FG Approves N2.4 Billion National Sports Medicine And High-Performance Centre

The Minister of Youth and Sports Development, Sunday Dare, has announced that the Federal Government has approved the construction of a new National Sports Medicine and High-Performance Centre.

The federal government has also approved the sum of N2.4 billion for the proposed project which will be sited at the Moshood Abiola Stadium in Lagos.

While announcing this to reporters in Abuja on Wednesday, Sunday Dare confirmed that the construction of the center will be completed in 2026.

This project was approved during Wednesday’s Federal Executive Council meeting at the State House, Abuja, which reportedly lasted for almost eight hours. The country’s vice president Yemi Osinbajo presided over the meeting on behalf of President Muhammadu Buhari.

According to Sunday Dare, the proposed High-Performance Centre has an in-built maintenance structure to prevent the project from losing its efficiency like other government-owned facilities.

The minister said, “The Ministry of Youth and Sports Development presented just one memo. The memo has to do with the National Sports Medicine and High-Performance Center and the construction of a High-Performance Center at the Package B of the Moshood Abiola Stadium.

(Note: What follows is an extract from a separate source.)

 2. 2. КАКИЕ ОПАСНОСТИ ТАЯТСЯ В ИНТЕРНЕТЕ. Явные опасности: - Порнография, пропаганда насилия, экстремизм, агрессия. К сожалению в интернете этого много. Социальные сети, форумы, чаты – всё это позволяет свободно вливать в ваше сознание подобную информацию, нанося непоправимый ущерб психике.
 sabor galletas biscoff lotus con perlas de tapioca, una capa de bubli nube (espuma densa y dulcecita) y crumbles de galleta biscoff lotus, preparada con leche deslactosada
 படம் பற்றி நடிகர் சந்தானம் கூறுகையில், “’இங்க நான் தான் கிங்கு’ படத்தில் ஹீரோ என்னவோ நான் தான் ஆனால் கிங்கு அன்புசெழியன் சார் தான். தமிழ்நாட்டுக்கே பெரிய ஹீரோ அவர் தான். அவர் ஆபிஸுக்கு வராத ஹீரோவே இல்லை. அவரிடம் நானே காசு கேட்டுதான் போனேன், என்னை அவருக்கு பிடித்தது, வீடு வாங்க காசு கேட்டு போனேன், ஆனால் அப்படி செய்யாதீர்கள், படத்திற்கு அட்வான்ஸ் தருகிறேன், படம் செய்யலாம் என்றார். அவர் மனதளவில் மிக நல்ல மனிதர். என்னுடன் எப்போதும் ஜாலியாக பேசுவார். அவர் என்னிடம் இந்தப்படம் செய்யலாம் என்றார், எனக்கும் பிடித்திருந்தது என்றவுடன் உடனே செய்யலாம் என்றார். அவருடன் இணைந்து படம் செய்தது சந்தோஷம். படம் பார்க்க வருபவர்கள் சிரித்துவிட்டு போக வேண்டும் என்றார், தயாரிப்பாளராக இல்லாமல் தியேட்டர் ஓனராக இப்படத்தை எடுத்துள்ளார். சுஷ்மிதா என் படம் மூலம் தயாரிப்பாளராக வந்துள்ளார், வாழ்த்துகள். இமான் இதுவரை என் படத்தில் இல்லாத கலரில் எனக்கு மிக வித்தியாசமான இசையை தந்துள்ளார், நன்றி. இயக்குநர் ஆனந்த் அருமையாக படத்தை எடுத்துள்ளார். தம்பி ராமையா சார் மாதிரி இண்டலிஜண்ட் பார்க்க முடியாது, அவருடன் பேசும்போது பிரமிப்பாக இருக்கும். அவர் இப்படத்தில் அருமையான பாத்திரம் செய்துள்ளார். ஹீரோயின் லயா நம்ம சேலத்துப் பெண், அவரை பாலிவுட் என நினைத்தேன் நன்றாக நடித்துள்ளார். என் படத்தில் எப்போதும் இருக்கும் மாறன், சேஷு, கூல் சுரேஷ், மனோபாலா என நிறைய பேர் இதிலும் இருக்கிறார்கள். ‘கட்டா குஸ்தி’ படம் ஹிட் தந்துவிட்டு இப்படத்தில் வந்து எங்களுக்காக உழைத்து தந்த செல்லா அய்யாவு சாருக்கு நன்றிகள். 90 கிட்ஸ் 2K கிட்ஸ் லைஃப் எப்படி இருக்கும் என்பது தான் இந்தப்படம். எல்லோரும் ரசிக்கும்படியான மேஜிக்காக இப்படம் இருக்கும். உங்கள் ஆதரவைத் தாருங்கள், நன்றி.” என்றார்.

“Over time in the past decades, one of the drawbacks of sports development and athlete’s development has been the lack of a high-performance center. Global sports development practice has a High-Performance Center as a major component of conditioning its athletes, it takes your athletes beyond just raw talent to some level of sports science and precision.

“The lack of that scientific input into our sports development over time has not helped us to reach the maximum podium performance that can be attained by athletes.”

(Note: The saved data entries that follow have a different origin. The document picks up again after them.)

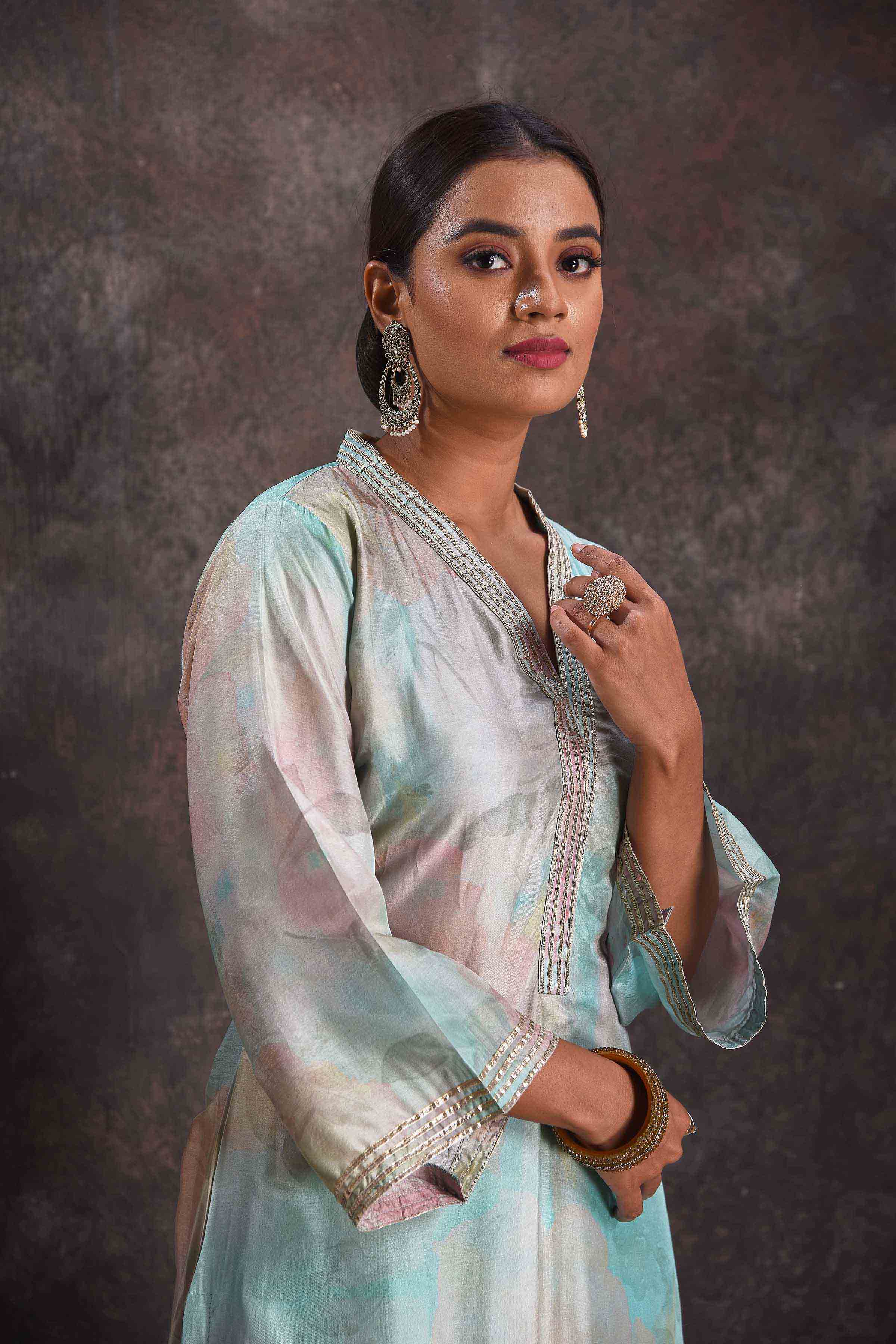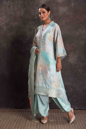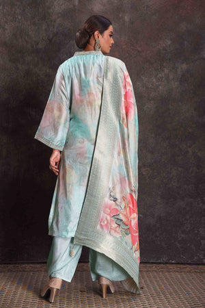 Get set to dazzle on festive occasions in this beautiful powder blue floral print salwar suit. It comes with a matching dupatta.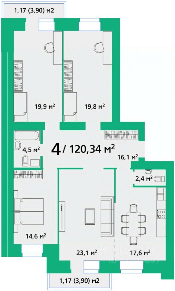 Общая площадь120,34 м2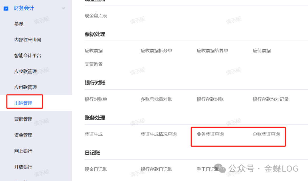 ②通过各模块里的凭证查询功能查看跟凭证生成功能一样,系统一些模块里面会有【业务凭证查询】和【总账凭证查询】的功能。 从这里查询出来的凭证就是对应模块单据所生成的,比如出纳模块点的查询不会出现应付单的凭证。

Dare added, “The ministry, two days ago (Monday), released the list of renovations that have taken place at the Moshood Abiola stadium. 24 renovations and upgrades have taken place at the stadium in Surulere. 16 upgrades have taken place over time. More than 11 functional areas.

“I must say for the record that we’ve been able to bring about a culture of maintenance for the High-Performance Centre. We’re building in two to four years of maintenance for Dangote that fix the main bowl. We built in two-year maintenance.

“Surulere, Premier Loto, two years maintenance with possible renewal, and I agree that without a maintenance culture, no matter how much we invest in our sporting facilities or any building infrastructure for that matter. They will go bad.”